On the corn front, tight domestic supplies have continued to push domestic prices higher and drive demand for cheaper imports. China imported a record 11.3MMT in 2020, an increase of 207 per cent on the 5.46MMt imported in 2019. This included 2.25MMT in December, more than double the quantity discharged in December last year.

Corn imports exceeded the annual tariff rate quoted of 7.2MMT for the first time last year, and it is widely touted that China’s corn imports in the 2020/21 marketing year could exceed a staggering 30MMT.

Wheat imports into China in 2020 were reported at a record at 8.38MMT close to triple imports in the previous twelve-month period. This represented 87 per cent of its annual tariff rate quota of 9.64MMT, a noticeable improvement from just 30% in 2019.

Barley imports for 2020 totalled 8.08MMT, including 0.98MMT in December, and sorghum imports have been robust in recent months with the 0.55MMT imported in December bringing the 2020 total to 4.81MMT.

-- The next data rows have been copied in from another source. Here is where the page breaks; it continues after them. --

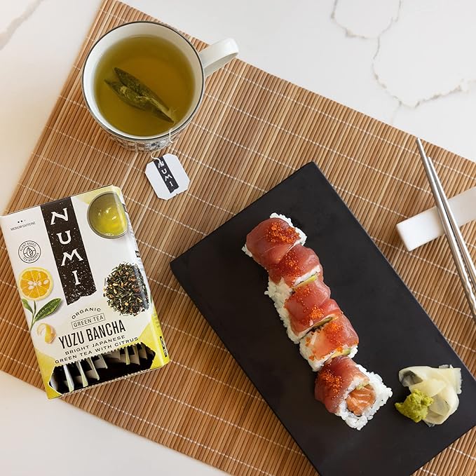 • Organic Yuzu Bancha is a special Numi blend of bancha green tea and yuzu peel; Organic green tea leaves are harvested, steamed and rolled in small batches, then roasted at medium temperature and blended with yuzu for a sweet, lemony smooth green tea
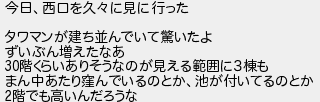 今日西口を久に見に行った タワマンが建ち並んでいて驚いたよ ずいぶん増えたなあ 階くらいありそうなのが見える範囲に3棟も まん中あたり窪んでいるのとか池が付いてるのとか 階でも高いんだろうな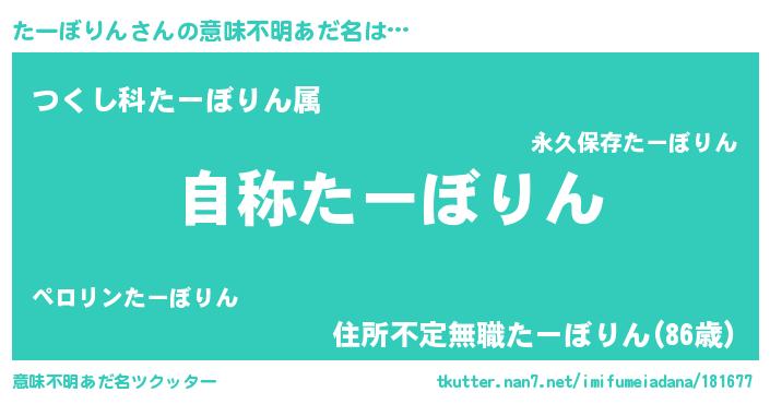| 男性向けラノベタイトル風あだ名 | 『Re:たーぼりんから始める異世界生活』 |

With current domestic corn prices so high, China has been substituting a fair bit of their corn needs with wheat from the state reserve auctions, and cheaper imported feed grains such as corn, wheat and barley.

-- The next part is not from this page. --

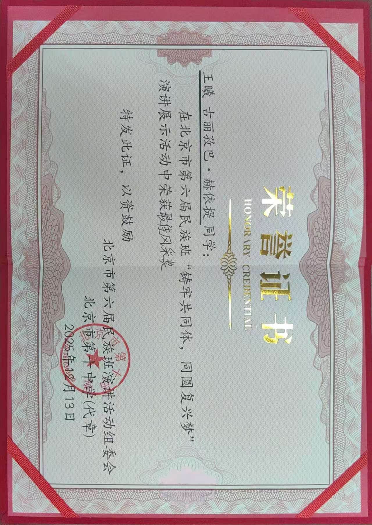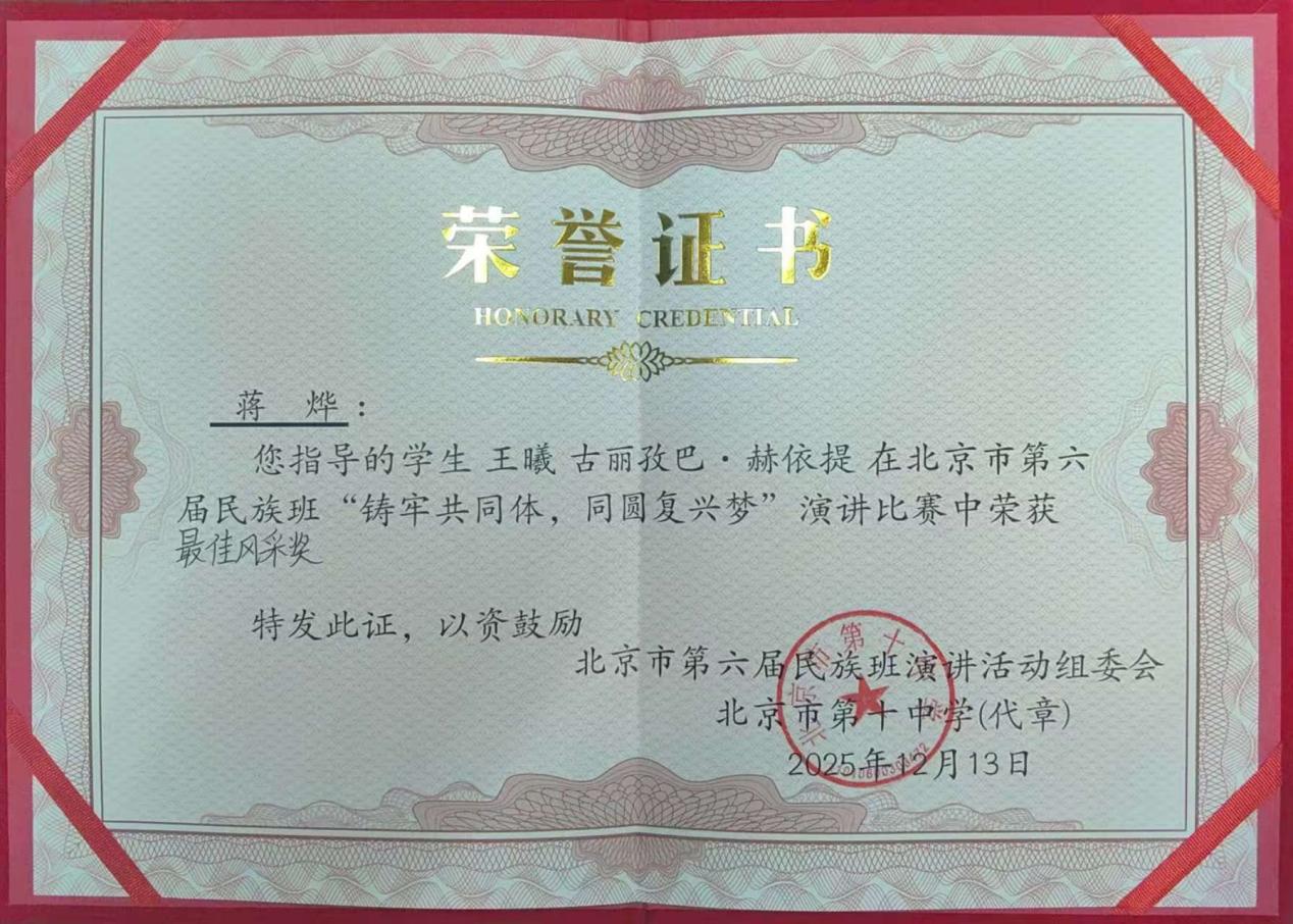 我校高一5班王曦、高二6班古丽孜巴·赫依提共同创作、演讲的《石榴花与杨柳枝 同绘一副春》在2025年12月14日举办的北京市第六届民族班演讲活动中,荣获“最佳风采奖”。蒋烨老师被评为优秀辅导教师。

According to the country’s National Grain Trade Centre China sold 3.94MMT of wheat at its auction on January 13, representing a remarkable 99.74 per cent the total offered. This was up from 52 per cent the previous week and just 12 per cent at the December 23 auction.

The high clearance rate underscores the impact of soaring domestic corn prices as stockfeed manufacturers actively seek corn alternatives, especially as rising coronavirus cases spark supply concerns. The average sales price was 2,504 yuan (AU$501.05) per metric ton compared to 2365 yuan (AU$473.23) per metric tonne the previous week. Estimates put state-owned Chinese wheat stocks at around 69 MMT, or around 4-months’ supply at the current pace.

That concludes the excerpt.